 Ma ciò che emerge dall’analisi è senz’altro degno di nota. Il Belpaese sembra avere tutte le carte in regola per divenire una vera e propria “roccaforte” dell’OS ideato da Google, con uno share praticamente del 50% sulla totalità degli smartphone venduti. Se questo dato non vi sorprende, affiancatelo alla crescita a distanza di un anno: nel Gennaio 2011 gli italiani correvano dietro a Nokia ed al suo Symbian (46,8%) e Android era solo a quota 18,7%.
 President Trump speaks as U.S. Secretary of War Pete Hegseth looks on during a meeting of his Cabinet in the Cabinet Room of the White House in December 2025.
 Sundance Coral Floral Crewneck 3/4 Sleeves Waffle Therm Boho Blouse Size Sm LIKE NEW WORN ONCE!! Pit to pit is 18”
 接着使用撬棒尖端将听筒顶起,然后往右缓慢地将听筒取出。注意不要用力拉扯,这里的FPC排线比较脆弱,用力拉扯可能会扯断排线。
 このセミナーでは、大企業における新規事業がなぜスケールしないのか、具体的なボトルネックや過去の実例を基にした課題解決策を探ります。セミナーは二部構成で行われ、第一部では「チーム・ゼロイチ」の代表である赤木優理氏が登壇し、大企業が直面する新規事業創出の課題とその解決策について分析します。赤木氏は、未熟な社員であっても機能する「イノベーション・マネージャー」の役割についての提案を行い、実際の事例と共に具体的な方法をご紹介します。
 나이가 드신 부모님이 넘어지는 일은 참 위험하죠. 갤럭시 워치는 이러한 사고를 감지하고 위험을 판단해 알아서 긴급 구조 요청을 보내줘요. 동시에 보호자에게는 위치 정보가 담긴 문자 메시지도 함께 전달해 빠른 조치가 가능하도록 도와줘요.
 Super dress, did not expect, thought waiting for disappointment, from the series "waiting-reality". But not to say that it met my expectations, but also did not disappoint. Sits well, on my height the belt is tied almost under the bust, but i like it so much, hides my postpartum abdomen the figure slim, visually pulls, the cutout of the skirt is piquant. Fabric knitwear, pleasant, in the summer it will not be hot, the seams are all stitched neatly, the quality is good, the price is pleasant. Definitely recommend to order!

+++

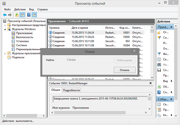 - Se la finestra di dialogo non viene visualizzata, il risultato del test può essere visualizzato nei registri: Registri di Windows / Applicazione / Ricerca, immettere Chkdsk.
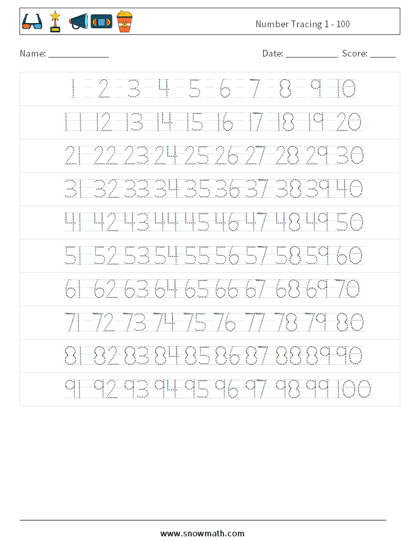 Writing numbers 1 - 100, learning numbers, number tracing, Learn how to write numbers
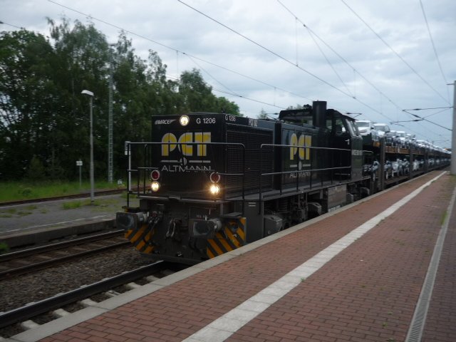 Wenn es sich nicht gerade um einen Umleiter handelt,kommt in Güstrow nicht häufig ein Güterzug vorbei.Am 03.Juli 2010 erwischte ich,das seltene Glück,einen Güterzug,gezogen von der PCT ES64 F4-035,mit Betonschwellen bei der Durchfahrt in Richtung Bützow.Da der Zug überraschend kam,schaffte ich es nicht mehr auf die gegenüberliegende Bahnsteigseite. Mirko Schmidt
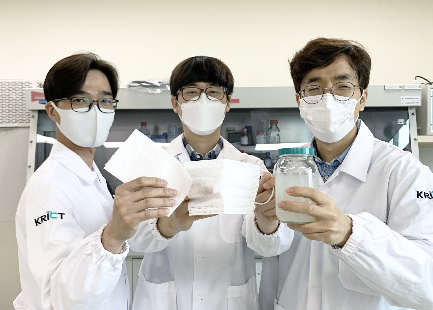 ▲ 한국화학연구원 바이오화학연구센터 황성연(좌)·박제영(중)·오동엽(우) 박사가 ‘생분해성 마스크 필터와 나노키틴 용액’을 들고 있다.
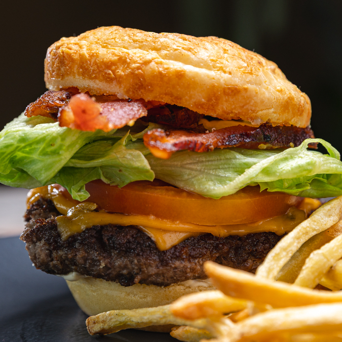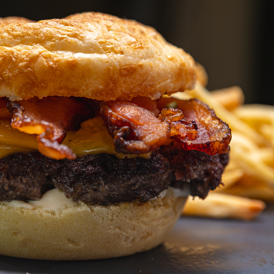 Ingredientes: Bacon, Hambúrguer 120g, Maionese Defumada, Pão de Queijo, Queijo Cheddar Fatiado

+++

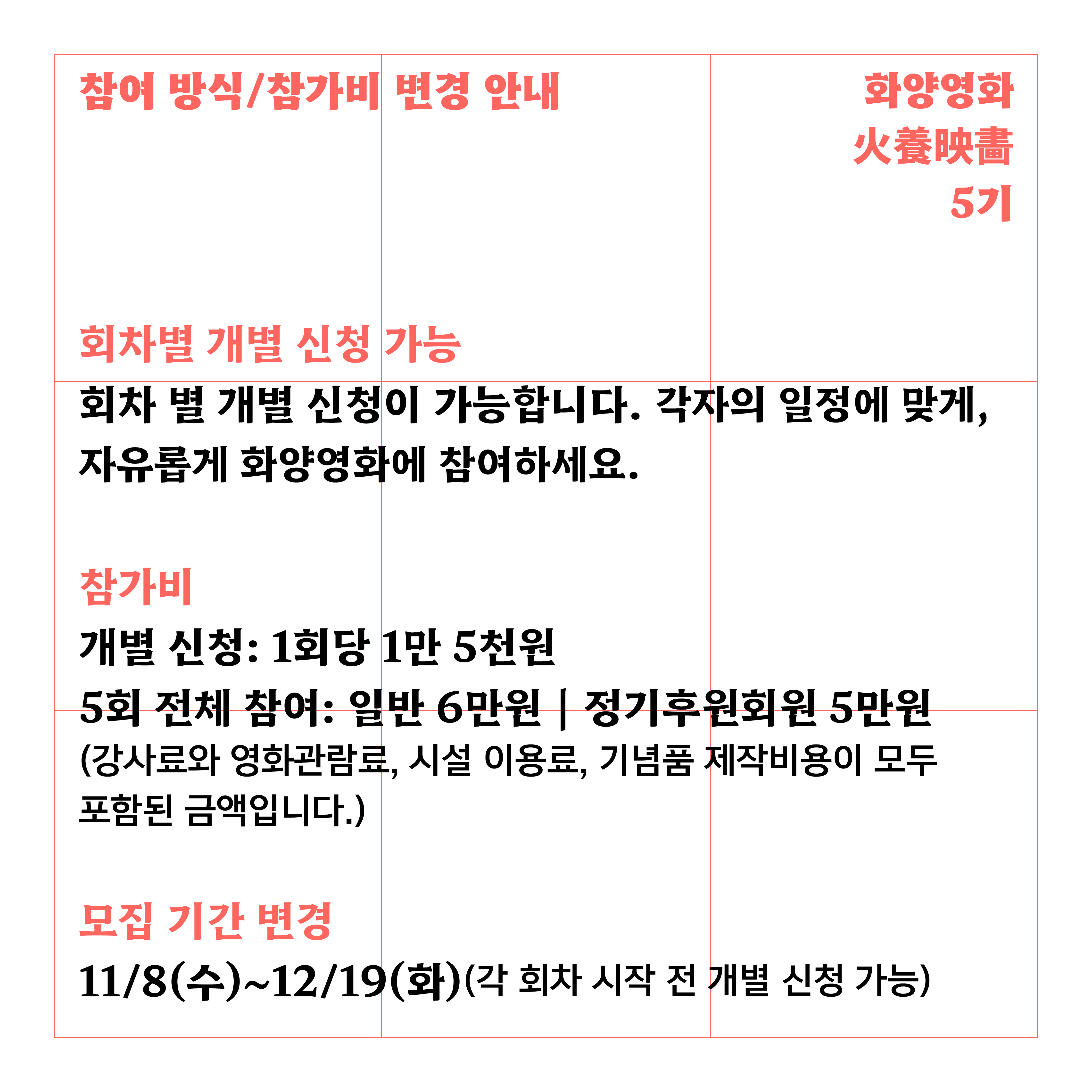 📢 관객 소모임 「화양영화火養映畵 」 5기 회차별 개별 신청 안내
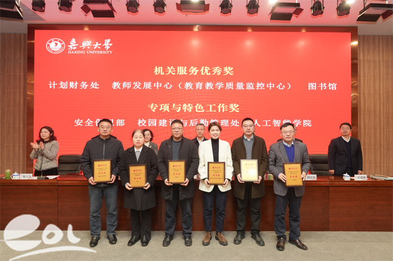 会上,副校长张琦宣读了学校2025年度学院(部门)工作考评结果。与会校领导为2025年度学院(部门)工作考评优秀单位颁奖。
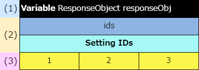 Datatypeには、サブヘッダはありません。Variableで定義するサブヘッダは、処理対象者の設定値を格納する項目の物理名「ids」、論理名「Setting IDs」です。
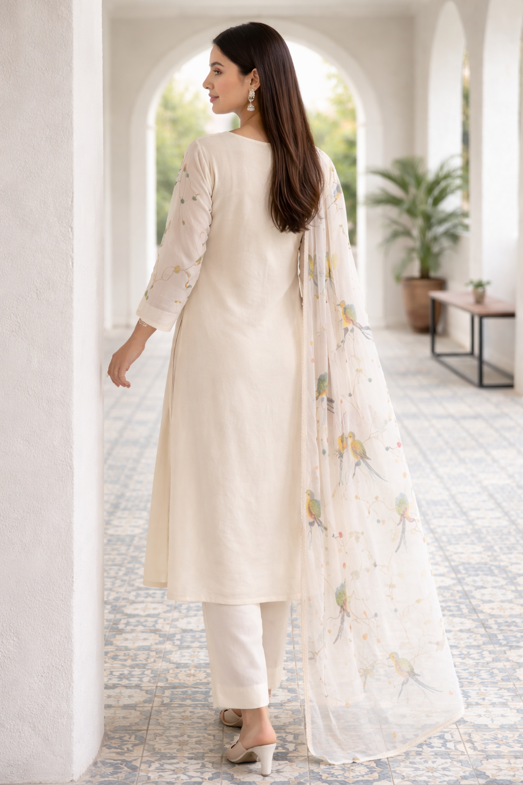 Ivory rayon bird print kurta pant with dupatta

+++

▶ Your objective: Only one stretch of the material above is wanted: the line containing "会上,副校长张琦宣读了学校2" through the line containing "Ivory rayon bird". Restate it word for word, minus the pictures.

▶ Reply to the exercise:
 会上,副校长张琦宣读了学校2025年度学院(部门)工作考评结果。与会校领导为2025年度学院(部门)工作考评优秀单位颁奖。
 Datatypeには、サブヘッダはありません。Variableで定義するサブヘッダは、処理対象者の設定値を格納する項目の物理名「ids」、論理名「Setting IDs」です。
 Ivory rayon bird print kurta pant with dupatta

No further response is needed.